The Deacon’s View
“It’s Entirely My Fault”
I was standing in line when the man ahead of me backed up, stepping on
my foot. He turned, looked at me, and said, “Excuse me. It was entirely
my fault.”
Two days later, his words were still with me. They were as an echo from
a past age when it was all right to be wrong, even “entirely.”

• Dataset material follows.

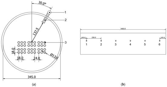 (a) Cross-section of the evaporator: 1—manifold; 2—nozzle; 3—coil with chilled water; (b) side view of the evaporator (dimensions are in mm).

Whatever happened to being at fault?
Now we hire lawyers to defend us even when we are clearly at blame. In
the most obvious of errors, we find it easy to blame the victim, or at
least to justify our behavior. The simple act of backing into the
person behind could predictably bring forth the response, “Oh, I didn’t
know anyone was behind me,” or “Oops,” or even, “Geez, why don’t you
try crowding in a little closer?”
Funny how a simple “It was entirely my fault” changed us from potential
antagonists into momentary allies, two people caught up together in a
world that puts us into crowded spaces and lines. We could smile and
relax, rather than growing tense inside.
As we speed into another new year, it seems a good time to reflect upon
the power of a heartfelt apology to produce the seeds of peace we all
yearn for. These seeds begin in our own homes, and with the people we
hang out with, work with, share ministries with. From these mundane
beginnings they swirl out into the world around us. The line where my
foot got stepped on was long. The people around us heard the man
apologize, saw us smile. And I suspect that this group, tired at the
end of the day, relaxed ever so slightly. Something in the atmosphere
had shifted. Something new had happened.
One summer evening in 1955, a group of 180 teenagers of all races
and religions, meeting at a workshop in the California mountains,
locked arms in a circle and sang a song: “Let there be peace on earth
and let it begin with me.” This message is with us still if we will
LIVE IT, not just sing it.
May God bless our new year, and may all of us become conscious bearers
of the seeds of God’s peace, love and justice in the world around us.